Talking about independence while we have no industrial tradition in the field, we import all equipment, there is virtually no job created is also exaggerated.
And if we have to just hope that a peak need takes place at the same time that a production peak, then we're screwed if I dare say. Besides it is in times of high heat and extreme cold that we get the most consummation, precisely the times when there is no wind or too much ...
30% productivity on average, and nothing more!
Why? Because this is not storable, it is still less profitable than face capacity etc etc...
It is the citizen's dependency we have to think about, with productions that are actually local.
The Wind power industry doesn't bring independence, not least because it requires fossil and nuclear energy to balance supply. etc. etc.
Question 2:
I read your response at time of 3:24 p.m [in the Le Monde article]., which suggests to me another question.
What impact should we expect if 10,000 turbines are located in France?
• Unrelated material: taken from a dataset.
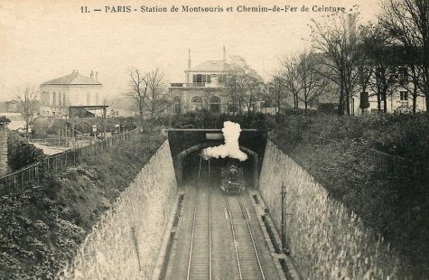 La ligne de la Petite Ceinture de Paris comportait deux gares de voyageurs dans la traversée du 14e arrondissement. La gare de Montrouge Ceinture, donnant sur l'avenue du Général Leclerc, est en cours de réhabilitation. La gare Ouest Ceinture avec son entrée sur la rue Vercingétorix est actuellement désaffectée.

How would these impacts be different from what may be observed in Spain or Denmark? Given the level of equipment in these two countries, Is not possible already to make an assessment of these impacts?
Answer 2:
10000 wind mills = wind mills visibility over much of the country, a trivialization of landscapes, a feeling of movement (loss of quietness), a nocturnal light unseen before (end of the starry skies of the Massif Central), the multiplication of EHV lines, 1000 tons of concrete per mast x 10,000 = 10 million tons (!) with two thirds being buried; which will never get removed, multiplied effects on avifauna (birds) and Chiroptera (bats) not yet estimated, etc. etc.
[NdA: trivialization of landscapes is a notion this person has developed elsewhere which means giving a price to different landscape views (as in a painting) and a cost to uniformity]
Question 3:
Economically, some territories have been facing thirty years of high human desertification (the Auvergne region dear to me, is one).
To what extent can we offer something to those who are tempted by the wind as a means of reviving a little their territory?
Would you say that acceptance of wind turbines is simply a matter of economic allocation of costs / benefits? (Cost visual distance, profit related to land only)
Answer 3:
I was director of a regional park, so rural development officer. The only two resources of our countryside territories are agriculture and tourism. The two are closely related. We are compromising their future in exchange for a business tax of uncertain future [NdA: Sarkozy has vowed to suppress this tax]. I know of a lot of villages that benefit from this tax and have died out nevertheless: villages without farmers, without social life, but with lit bowling, wave swimming pools, and secondary homes.
Who is taking care of the natural space? Nobody.
If the tax was the local development, people would know it. Once again the wind industry brings zero local jobs.